On 10 Aug 2019, at 17:56, Georg Sauthoff <mail(a)georg.so>
On Fri, Aug 09, 2019 at 03:50:43PM -0600, Chris Murphy wrote:
> Problem and thesis statement:
> Certain workloads, such as building webkitGTK from source, results in
> heavy swap usage eventually leading to the system becoming totally
> unresponsive. Look into switching from disk based swap, to swap on a
> ZRAM device.
> Summary of findings (restated, but basically the same as found at ):
> Test system, Macbook Pro, Intel Core i7-2820QM (4/8 cores), 8GiB RAM,
> Samsung SSD 840 EVO, Fedora Rawhide Workstation.
> Test case, build WebKitGTK from source.
To avoid such issues I disable swap on my machines. I really don't see
the point of having a swap partition if you have 16 or 32 GiB RAM. Even
with 8 GiB I disable swap.
is worth a read - TL;DR
the kernel used (pre 4.0) to be awful about swap, but modern kernels use it to avoid
paging executable (file-backed) pages in low memory. If any paging is needed, lack of swap
means that the kernel will page out active code before it gets as far as an OOM kill,
resulting in a longer time to recover from memory contention (regardless of whether
there's an OOM kill or the system recovers naturally).
Further, a sensible amount of swap (say 2 GiB or so) means that unused anonymous pages
(e.g. data that's left over from initialization, or data that will only be needed when
a process exits) can be swapped out and left on disk, freeing up valuable RAM for useful
Basically, a sane amount of swap is healthy - old advice about large amounts of swap is
With - say - 8 GiB the build of a large project might fail (e.g.

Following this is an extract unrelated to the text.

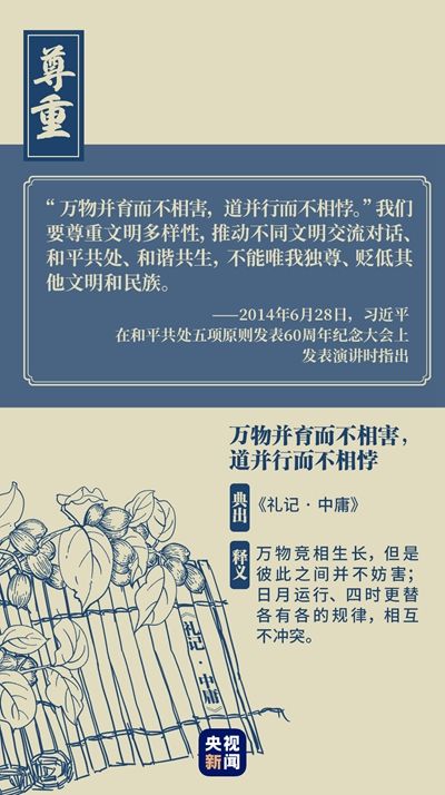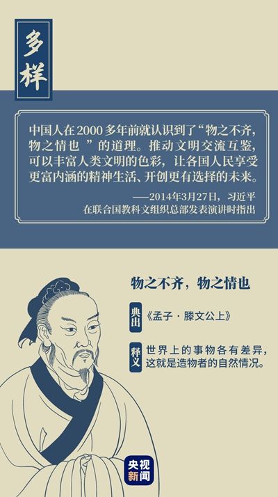 “我们应该推动不同文明相互尊重、和谐共处,让文明交流互鉴成为增进各国人民友谊的桥梁、推动人类社会进步的动力、维护世界和平的纽带。”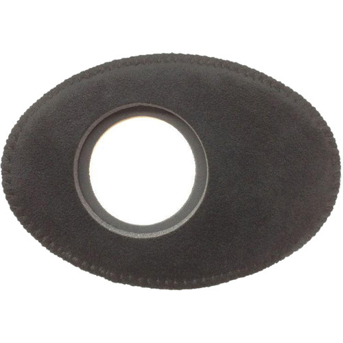 The Oval Extra-Large Viewfinder Eyecushion in black Ultrasuede, from Bluestar, features outside dimensions of 5.1 x 3.6" to securely fit over many common external and built-in viewfinders. These include the Alphatron, the Kamerar QV-1, VF-4, and VF-4+ EVFs, the MagView 3:2, 4:3, and 16:9 EVFs, those of the Canon C100, C200, C300, C500, XF300, XF305, and XF205 HD cameras, the EVFs of the Sony FS5, HVR-S270, HXR-NX100, and PXW-Z150 cameras, and many more. This Ultrasuede version is made of 100% non-woven material consisting of intertwined, brushed, ultra-fine fiber strands. It provides a high level of softness and a superior moisture absorption rate, and it can be used in any climate.

e.g. during linking) but it then fails fast and I can just restart it
with `ninja -j2` or something like that.
Another source of IO related unresponsiveness is buffer bloat - I thus
apply this configuration on my machines:
$ cat /etc/sysctl.d/01-disk-bufferbloat.conf
'Time your programs before making claims about efficiency'
(Bjarne Stroustrup, The C++ Programming Language, 4th ed., p. 132, 2013)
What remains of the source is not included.